By Lisa Huddleston
This is not a creative or artistic or poetic attempt. What this post is is simply an informative and hopefully encouraging word for any of my readers who understand what it means to have chronic depression–or maybe any chronic illness.
For the fifth time, I am going through an adjustment period with yet another antidepressant. As the fourth one leaves my system, the fifth is building, and I am experiencing the not-so-lovely effects of nausea, irritability, anxiety, weepiness, self-hatred, and so on. Is it due to losing the previous med or introducing the latest? Who knows? And really who ever knows why exactly they are feeling as they are?

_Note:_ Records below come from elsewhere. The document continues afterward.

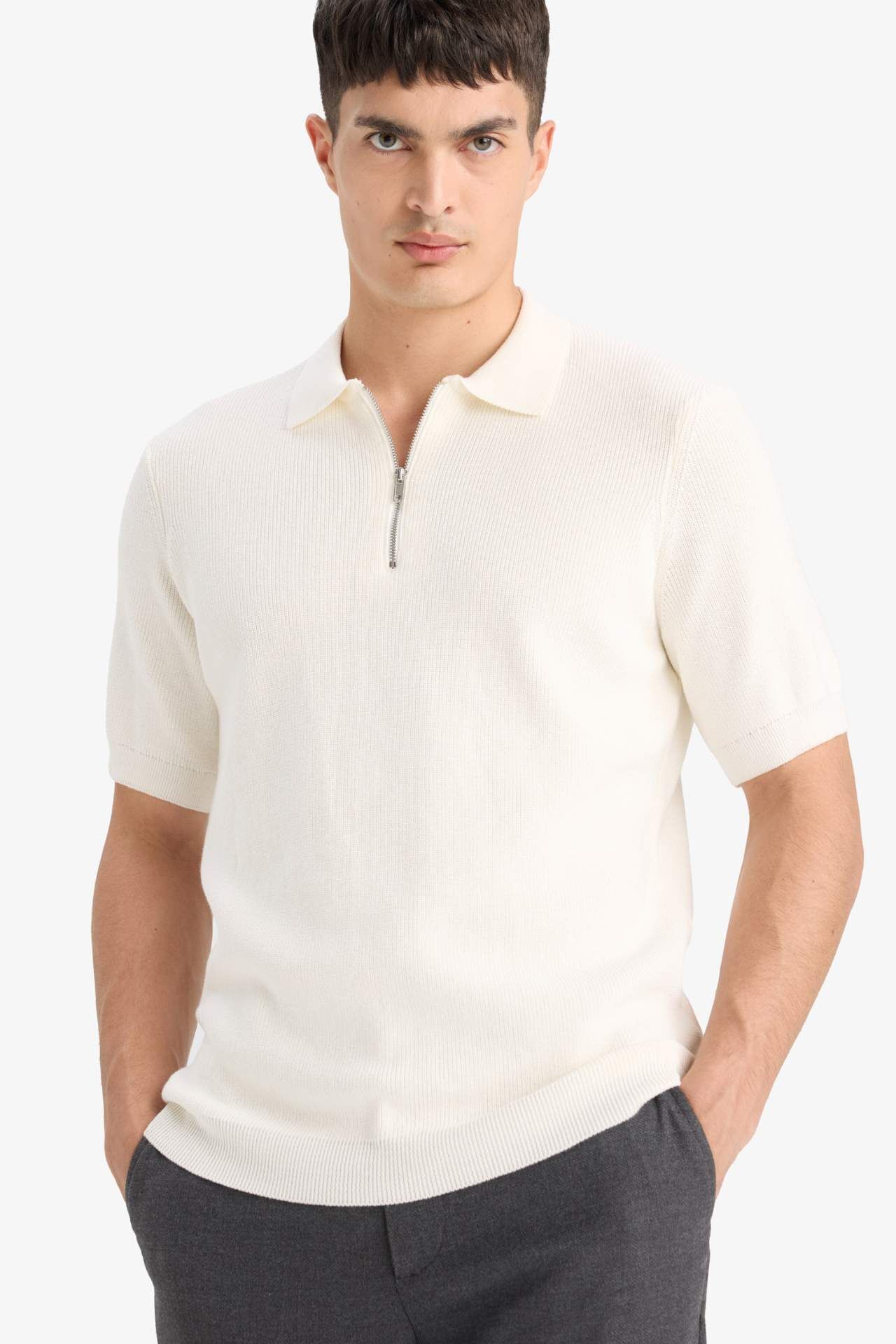 DeFacto %100 Pamuk Standart Fit Yarım Fermuarlı Kısa Kollu Triko Polo Tişört E5862AX25SMER139
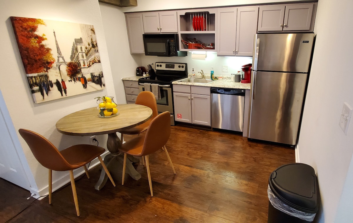 精美翻新的豪華公寓,可欣賞迷人的湖景!非常適合短期行政住宿。石英檯面、加熱浴室地磚、2人紅外線桑拿房,配有整合式藍牙音響、95加侖浸泡浴缸、獨立噴霧淋浴間、多合一洗衣機/烘乾機組合、法式門冰箱和可愛的新木地板。簡單地說,這是該地區最好的位置。海濱,距離餐廳、酒吧、帆船、自然步道和划槳僅幾步之遙。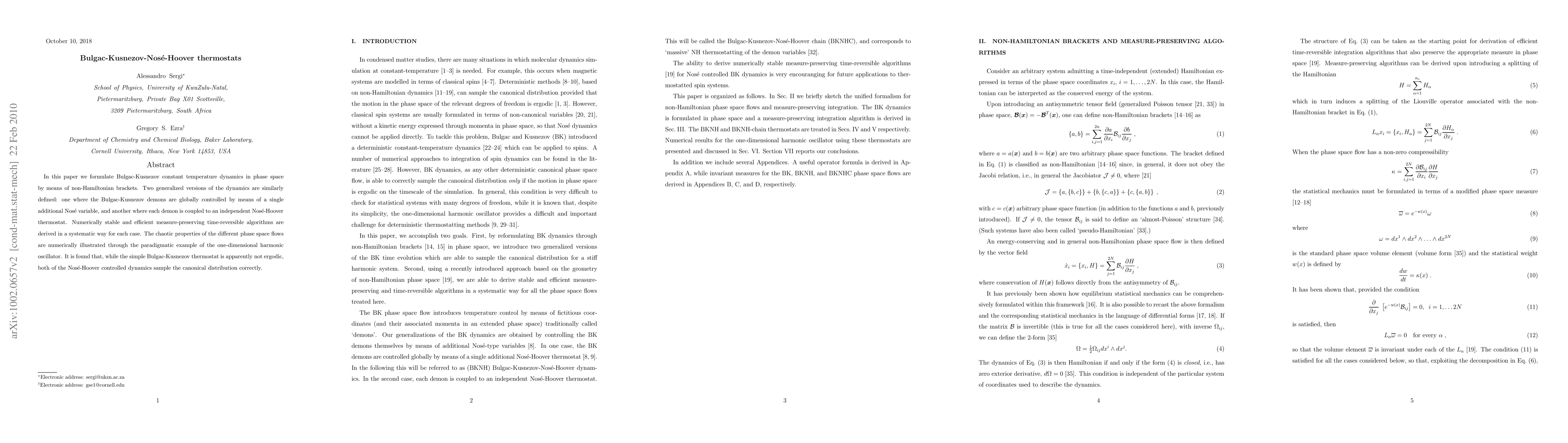 In this paper we formulate Bulgac-Kusnezov constant temperature dynamics in phase space by means of non-Hamiltonian brackets. Two generalized versions of the dynamics are similarly defined: one where the Bulgac-Kusnezov demons are globally controlled by means of a single additional Nos\'e variable, and another where each demon is coupled to an independent Nos\'e-Hoover thermostat. Numerically stable and efficient measure-preserving time-reversible algorithms are derived in a systematic way for each case. The chaotic properties of the different phase space flows are numerically illustrated through the paradigmatic example of the one-dimensional harmonic oscillator. It is found that, while the simple Bulgac-Kusnezov thermostat is apparently not ergodic, both of the Nos\'e-Hoover controlled dynamics sample the canonical distribution correctly.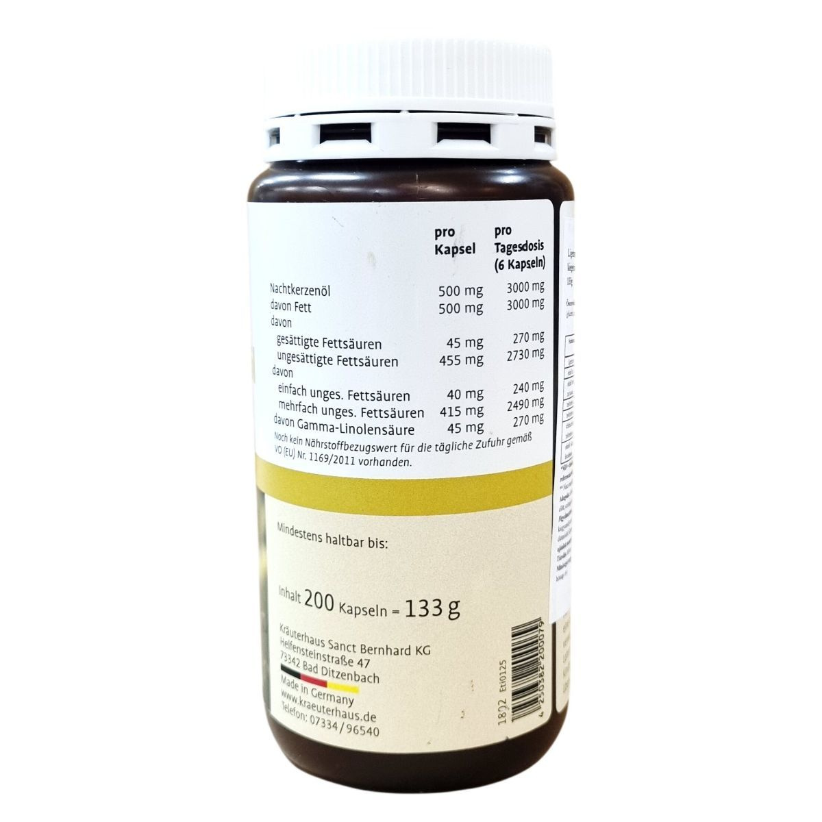 A Nachtkerzenöl kapszula ligetszépeolajat tartalmaz, amely természetes forrása a többszörösen telítetlen zsírsavaknak, köztük a gamma-linolénsavnak. A termék Németországban készült, 200 kapszulát tartalmazó kiszerelésben.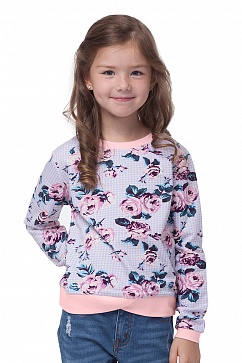 Джемпер из принтованного футера. Сзади вырез капля с завязкой на бант. Низ изделия, горловина и манжеты на контрастной резинке.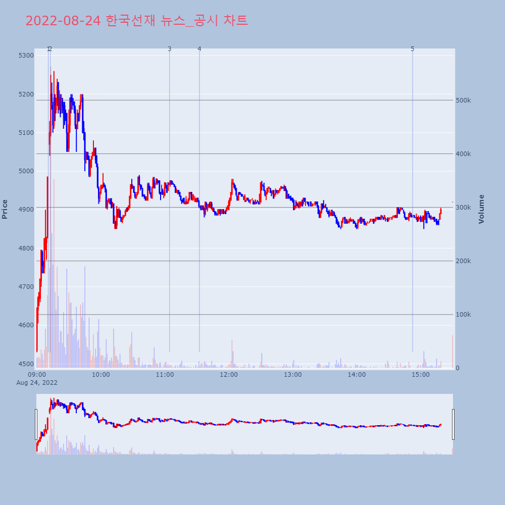 | 4 | [장중수급포착] 한국선재, 외국인/기관 동시 순매수… 주가 +9.44% [서울=뉴스핌] 로보뉴스 = 24일 11시 30분 현재 | 뉴스핌 | 한국선재 | 2022-08-24 11:32:31 |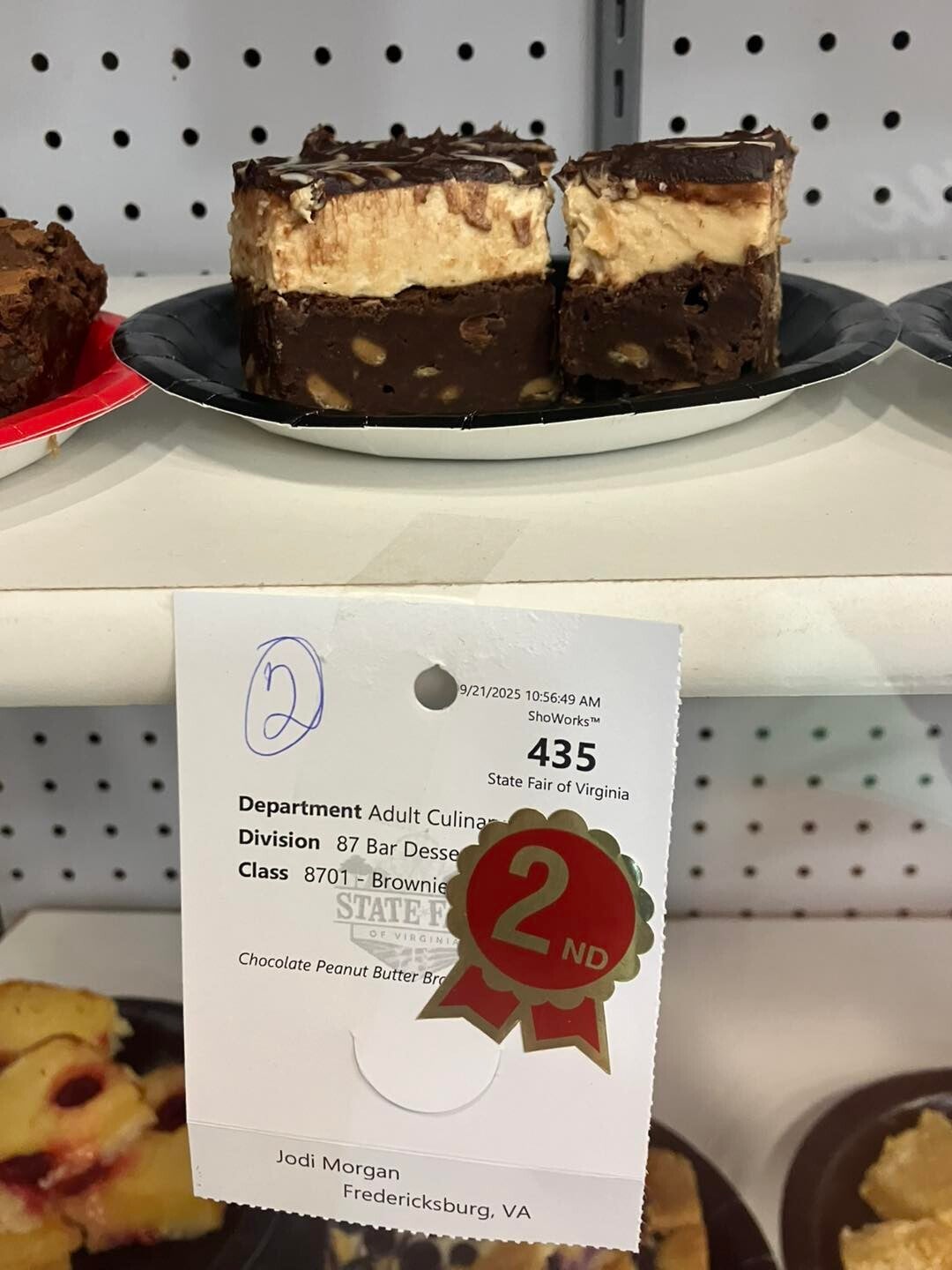 After several years of baking for fun and family I started entering my creations in the county and state fairs. I was honored to win "Greatest State Fair Pie" for my turtle cheesecake in 2022 and "Greatest State Fair Cake" for my snickers cake in 2023. I have also won numerous other ribbons at both the Fredericksburg Fair and the Virginia State Fair over the last 5 years.

One dear friend calls me a warrior and refers to my experience as a battle. I guess she is right in some ways, but I really just feel more like a crappy scrap of paper being blown whichever way the wind goes.
If this new drug (to me) works–Yay! Maybe I will finally settle down and rest in some semblance of peace.
If it does not–and odds are that it will work some but not without the sad side effects of numbing my brain–I am considering an entirely new approach. Maybe I’ll write about it some time. Time will tell.
But as I wait and see, I am learning to spin yarn from raw wool. (Just go with me here. No segue–I know.) Naturally I see the similarities between this attempt and the other. I see connections between everything!
My first yarn barely resembled yarn at all. It was wooly fat blobs, thin stringy spirals, and spots that wouldn’t hold together when given even a slight tug. Fat, strung-out, and falling apart. (Mm hm.)
Now I am actually spinning real yarn. Not perfectly but better nearly every time I sit down at the wheel. Am I a yarn warrior yet? Perhaps not, but I have sweat and cursed enough to feel battle worn and torn by the learning process. And victory is in sight.
A long obedience in the same direction is the only possibility for victory. Keep spinning, my fellow warriors. So will I.